Sejumlah penumpang dan pengunjung, termasuk wisatawan mancanegara, tampak antusias mengabadikan momen tersebut menggunakan telepon seluler.
Pemandangan para petugas bandara mengenakan pakaian adat lengkap dengan iringan musik tradisional menjadi pengalaman unik bagi penumpang yang baru tiba maupun mereka yang hendak melanjutkan perjalanan.
Bagi Dony, kehadiran pakaian adat Minangkabau di ruang publik seperti bandara bukan sekadar bagian dari perayaan kemerdekaan.

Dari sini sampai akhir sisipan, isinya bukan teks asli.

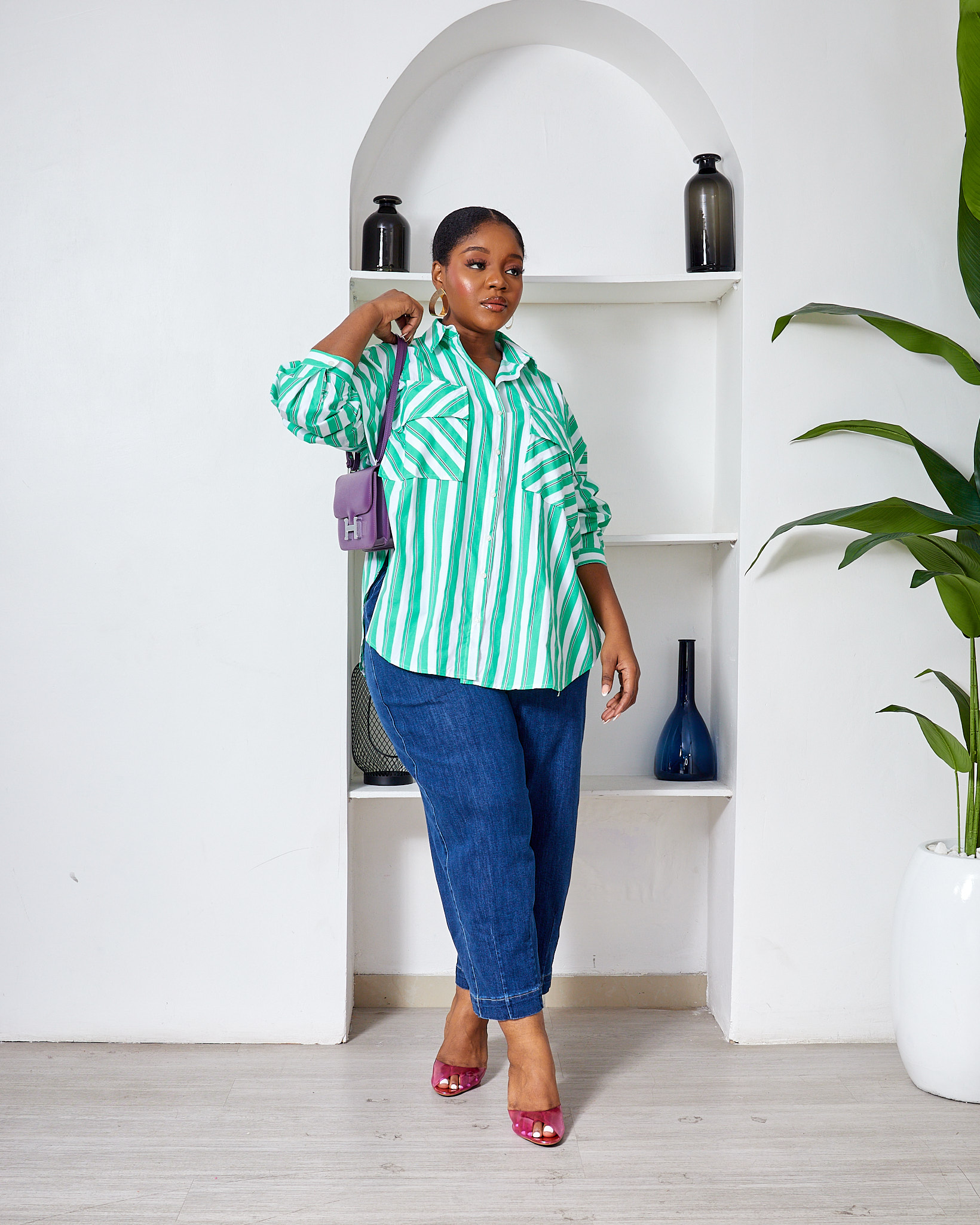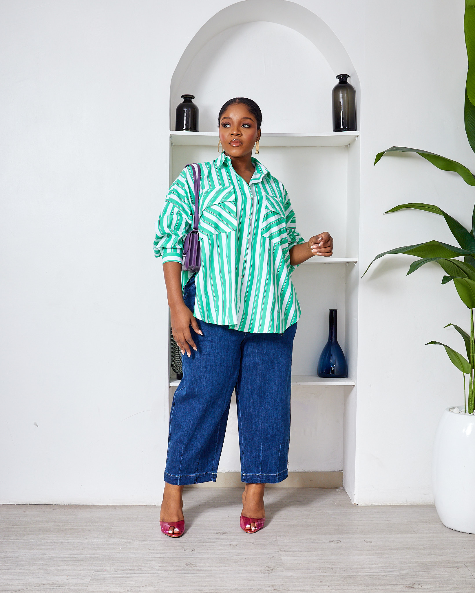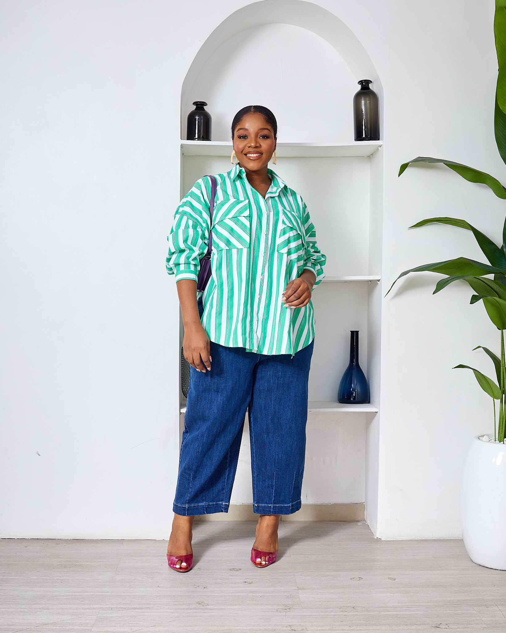 FAME GREEN BOLD STRIPE WILD SWI OVERSIZED SHIRT
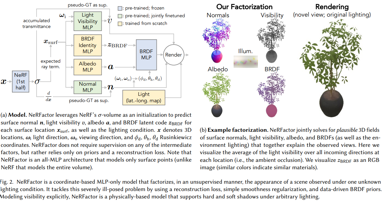 NeRFactor는 svbrdf, shape 등을 mlp를 이용해 set of observed input view를 만족하는 방향으로 continuous 한 3D field로 표현한다.
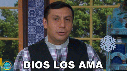 A man says "God loves you" on the Mexican TV show "Venga La Alegria", with a snowflake decoration in the background.

Menurutnya, bandara merupakan pintu gerbang Sumatera Barat yang memiliki peran penting dalam memperkenalkan kekayaan budaya daerah kepada masyarakat dari berbagai penjuru Indonesia, bahkan mancanegara.
“Ketika kita menyambut penumpang dengan pakaian adat Minangkabau dan iringan talempong, kita ingin menunjukkan bahwa mereka tidak hanya tiba di sebuah bandara, tetapi juga sedang memasuki daerah yang kaya akan budaya, keramahan dan nilai-nilai luhur,” ujar Dony Subardono.
Ia menambahkan, semangat kemerdekaan harus diterjemahkan melalui kebersamaan, pelayanan dan penghargaan terhadap keberagaman.
“Kemerdekaan bagi kami bukan hanya tentang mengenang perjuangan para pahlawan, tetapi bagaimana kita mengisi kemerdekaan dengan memberikan pelayanan terbaik, menjaga kerukunan dan memperkenalkan keberagaman Indonesia kepada setiap orang yang datang ke sini,” katanya.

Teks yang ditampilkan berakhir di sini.